Sunday, June 06, 2010

Performance gain of MySQL 5.1 InnoDB plugin

plugin performanceYou know already that InnoDB in MySQL 5.5 has great improvements in performance and scalability. You will have to wait a few months for that, though, because MySQL 5.5 is not GA yet.
But if you need some extra performance in MySQL 5.1, you may want to use the Innodb Plugin instead of the built-in one. As of version 5.1.47, the Innodb plugin is of GA quality, and it comes with a good out-of-the-box improvement compared to the built-in engine.

To test my assumptions, I used one of my test Linux servers to perform a sysbench on 5.0.91, 5.1.47 built-in and plugin, and 5.5.4. The MySQL servers were all configured with
innodb_buffer_pool_size=5G

MySQL 4.1.47 was tested both as out-of-the-box, and with the plugin enabled.

ignore_builtin_innodb
# note: the following statements must go all in one line
plugin-load=innodb=ha_innodb_plugin.so;innodb_trx=ha_innodb_plugin.so;innodb_locks=ha_innodb_plugin.so;innodb_lock_waits=ha_innodb_plugin.so;innodb_cmp=ha_innodb_plugin.so;innodb_cmp_reset=ha_innodb_plugin.so;innodb_cmpmem=ha_innodb_plugin.so;innodb_cmpmem_reset=ha_innodb_plugin.so

default-storage-engine=InnoDBinnodb_file_per_table=1
innodb_file_format=barracudainnodb_strict_mode=1

The test was the same for all the servers. A simple sysbench both read-only and read/write on a 1M records table.

sysbench \
--test=oltp \
--oltp-table-size=1000000 \
--mysql-db=test \
--mysql-user=$USER \
--mysql-password=$PASSWD \
--mysql-host=$HOST \
--mysql-port=$PORT \
--max-time=60 \
--oltp-read-only=$ON_OFF \
--max-requests=0 \
--num-threads=8 run

What came out is that, by using the innodb plugin instead of the built-in engine, you get roughly 15% more in read-only, and close to 8% in read/write.

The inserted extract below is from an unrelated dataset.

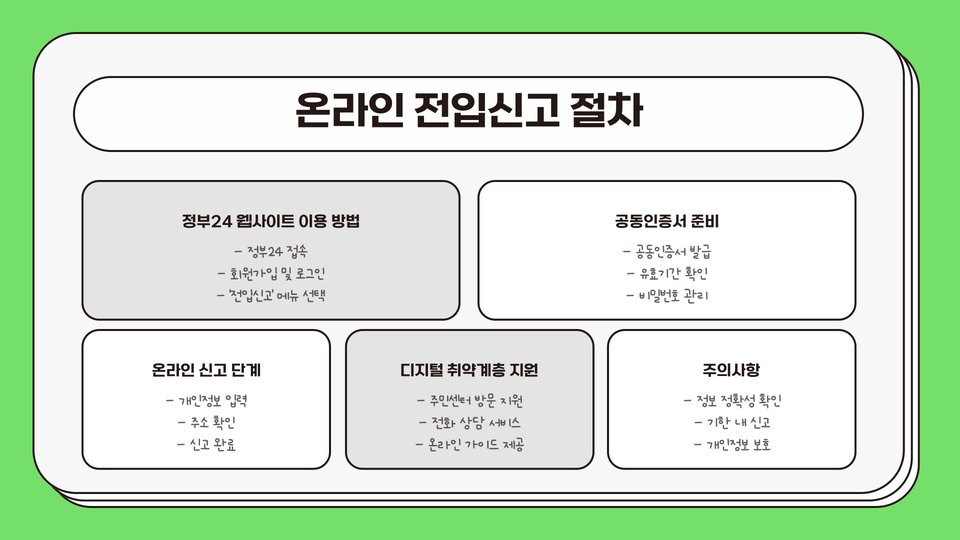 요즘은 오프라인뿐만 아니라 온라인으로도 전입신고를 할 수 있습니다. 정부24 웹사이트에 접속하여 필요한 정보를 입력하면 손쉽게 신고가 가능합니다. 온라인 신고 방법은 다음과 같습니다:

Note that 5.5. enhancements are more impressive in scalability tests with more than 8 cores. In this server, I have just tested a simple scenario.

I did some more testing using "ROW_FORMAT=COMPRESSED KEY_BLOCK_SIZE=X" in the InnoDB table, where X changed from 4 to 16. But sysbench didn't seem to play well with compression. For low values of KEY_BLOCK_SIZE, you actually get a much worse result than the built-in engine. I have yet to figure out how I would use this compressed InnoDB in practice.

6 comments:

Mark Robson said...

Was this on Linux, and did you have native async IO turned on in the Innodb 1.1 ?

Giuseppe Maxia said...

@Mark
It was on Linux.
I did not modify anything in the server except the innodb_buffer_pool_size.

Gerry Narvaja said...

On 8 core servers w/ 16G memory and InnoDB buffer pool set to 80% of available memory, we clocked double the performance with the plugin: http://mmatemate.blogspot.com/2010/05/mysql-5146-with-innodb-plugin-kicks.html. A couple of our development teams tested with their application specific benchmarks and got the similar results.

My $.02
G

Ronald Bradford said...

You have these jumbled.

--mysql-user=$PASSWD \
--mysql-password=$USER \

Giuseppe Maxia said...

@Ronald,
Thanks. Fixed.

Giuseppe Maxia said...

@Gerry,
Very interesting. As everyone knows, sysbench is a very simple test, and more elaborate usage can achieve substantially bigger gain.